The depression seems (after a mere 36 or so hours) to have been aced by the Zoloft, though my anxiety appears in somewhat sharper focus by contrast, undiminished (though not increased.) There is still that slight fuzzy-headedness, that latent "slowness" I was told to expect and recognized on day 1. I forget the exact term Christine used to describe the effect -- perhaps it was "detachment," or something similar. There's that too. But I recognize the possibility that the anxiety could still blow it out of the water.

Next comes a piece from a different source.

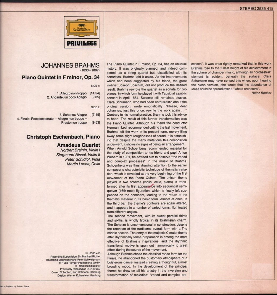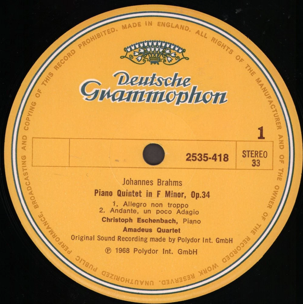 GRADING Our Grading System The table below is an overview of how our grading system works. The first grade is for the sleeve and second grade is for the media/disc, e.g. VG+/EX means that the item's sleeve is in Very Good Plus condition and the media/disc is in Excellent condition. If there is only one condition, e.g. /EX, it means that the item is not in a picture sleeve and that the media/disc is in excellent condition. Records that aren't in picture sleeves will either be in a company sleeve or a generic plain sleeve. If you have any questions, please get in touch. Condition Sleeve Media MINT (10/10) Mint, perfect Mint, perfect EX+ (9/10) Excellent plus, near mint Excellent plus, near perfect EX (8/10) Excellent, well looked after, clean, only slight signs of use Excellent, well looked after, clean, only slight signs of use EX- (7/10) Excellent minus, light wear and signs of use Excellent minus, light wear and signs of use VG+ (6/10) Very good plus, some moderate wear Very good plus, some scuffs, no deep marks VG (5/10) Very good, well used and worn Very good, well used and marked VG- (4/10) Very good minus, very worn Very good minus, very worn and marked GOOD (3/10) Good, some major wear Good, some major wear and scuffing FAIR (2/10) Fair, major wear Fair, major wear and scuffing POOR (1/10) Poor, severe wear Poor, severe wear and scuffing DELIVERY Combined Postage If you add all the items you wish to purchase from us to your shopping basket/cart, and then go to the checkout page from the shopping basket page, the shipping cost will be automatically combined. Packaging All of our items are parcelled using strong specially designed packaging, each vinyl in an order is placed in a clear plastic sleeve and plain paper white sleeve, and is separated from its cover (unless it is advertised as sealed), to prevent any damage during transit. If an item is sealed, and you would prefer the vinyl to be placed outside of its sleeve before dispatch, please let us know. Prices You can see all delivery options and prices for an item on the "Postage and payments" tab. Tracked delivery If you wish to have a tracking number with your order, please select the "Signed" or "Express" delivery option, "Standard" delivery does not include a tracking number. SHOP Click here to view our Ebay shop, with over 200,000 items in stock FAQ Does a used item include the original inner sleeve/insert/poster etc.? We will always include in the description if a used item includes any additional parts, e.g. "with inner" or "includes poster", if you know an item originally came with any additional parts, such as a printed inner sleeve, and it isn't mentioned in the description, then generally the used item won't include it, but please feel free to ask. New items will always be complete, unless otherwise specified. CATEGORIES Shop Home 10" Vinyl Records 12" Vinyl Records 7" Vinyl Records Cassettes (Tape) CDs (Compact Discs) LP Vinyl Records Music Memorabilia Other Artist Christoph Eschenbach / Amadeus-Quartett Title Johannes Brahms - Piano Quintet In F Minor Format LP Vinyl Country Germany Label Deutsche Grammophon Catalogue Number 253541810 Year 1988 Description 4 track stereo - sleeve has discoloration and sticker mark on back Condition (Sleeve/Disc) VG+/EX Track List Piano Quintet In F Minor, Op.34 A1. Allegro Non Troppo (14:54) A2. Andante, Un Poco Adagio (9:05) B1. Scherzo: Allegro (7:15) B2. Finale. Poco Sostenuto - Allegro Non Troppo - Presto Non Troppo (9:53) DELIVERY INFORMATION If you wish to have a tracking number with your order, please choose the Signed or Express delivery option, the Standard delivery option does not include a tracking number. Please note, the Express option for delivery outside of the UK includes a tracking number, but has the same delivery time as the Standard option. ABOUT US Vinyl Tap has been in the business of selling music for over 30 years, and in that period we have supplied many thousands of collectors and music fans around the globe with vinyl, CDs and music memorabilia. You can check out the over 200,000 items that we have in stock on our Ebay shop, here . Artist: Christoph Eschenbach / Amadeus-Quartett - Title: Johannes Brahms - Piano Quintet In F Minor - Format: LP Vinyl - Country: Germany - Label: Deutsche Grammophon - Catalogue Number: 253541810 - Year: 1988 - Description: 4 track stereo - sleeve has discoloration and sticker mark on back

Things that concern me about the pill:

- The possibility of weight gain. From what I've read, this has at least as much to do with changes in eating habits as with changes in metabolism, and I know already how my caloric intake affects my weight stability. I suggested to my husband that he be prepared to see me, maybe both of us, cutting back on calories again. Today's yummy dinner notwithstanding. Restlessness probably translates into increased snacking for some people; I'm familiar with that pitfall regardless, so I'm hoping to apply the same old willpower to avoid problems with my weight.
- The possibility of decreased focus and/or creativity. This is a complaint aired to me some years ago by a friend who has long used Zoloft, off and on. I've never forgotten it. She is a different kind of depressed, the can't-get-out-of-bed, suicidal thoughts kind, so I'm hoping both she and I can get around the continued possibility of this side effect.
- The possibility of being "changed" in some substantive, identity-oriented way. This is the toughest fear to pin down. Ostensibly one takes anti-depressants to in fact change one's habits and responses. But I like myself just fine (except when the moods grip me and I don't.) I don't want to give up any part of myself, just treat the parts that don't cooperate -- but the doctor was very cautious around this subject in our conversation.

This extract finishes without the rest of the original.